**WORK TO BE COMPLETED:** Here are the records. Write out exactly the lines between the one holding "Palazzo Antonini in" and the one holding "Piaggio Fly", inclusive.

**SUPPLIED RECORDS:**
☆ ☆ ☆ ☆ ☆ ☆ ☆

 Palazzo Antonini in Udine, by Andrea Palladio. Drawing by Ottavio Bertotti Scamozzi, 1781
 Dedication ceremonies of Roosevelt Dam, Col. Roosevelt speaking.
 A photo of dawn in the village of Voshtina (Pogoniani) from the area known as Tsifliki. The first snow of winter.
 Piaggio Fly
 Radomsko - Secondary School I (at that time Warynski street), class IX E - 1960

☆ ☆ ☆ ☆ ☆ ☆ ☆

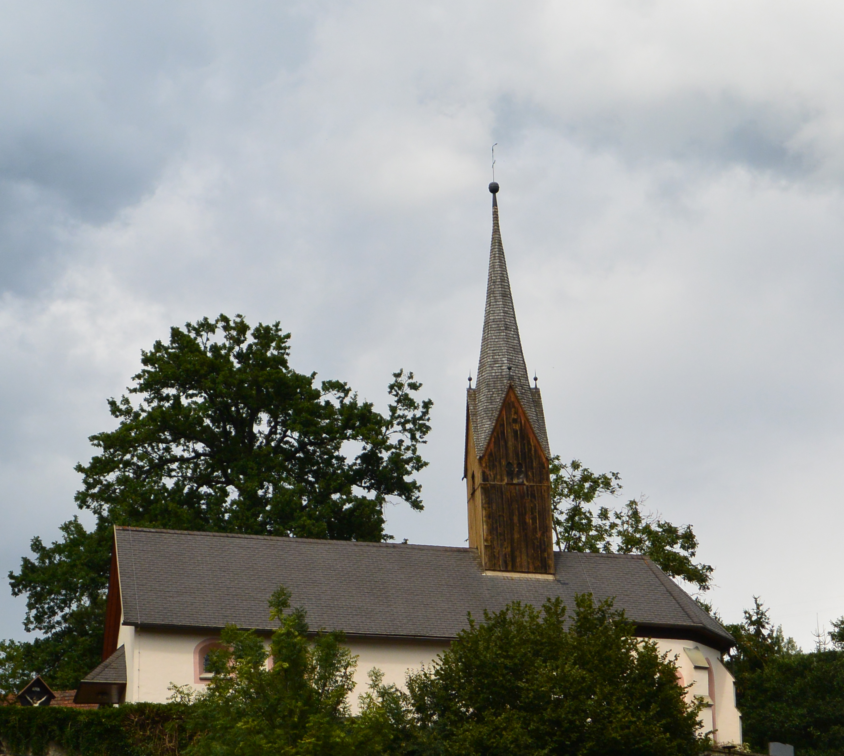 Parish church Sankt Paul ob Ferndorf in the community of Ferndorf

☆ ☆ ☆ ☆ ☆ ☆ ☆

**TASK RESULT:**
 Palazzo Antonini in Udine, by Andrea Palladio. Drawing by Ottavio Bertotti Scamozzi, 1781
 Dedication ceremonies of Roosevelt Dam, Col. Roosevelt speaking.
 A photo of dawn in the village of Voshtina (Pogoniani) from the area known as Tsifliki. The first snow of winter.
 Piaggio Fly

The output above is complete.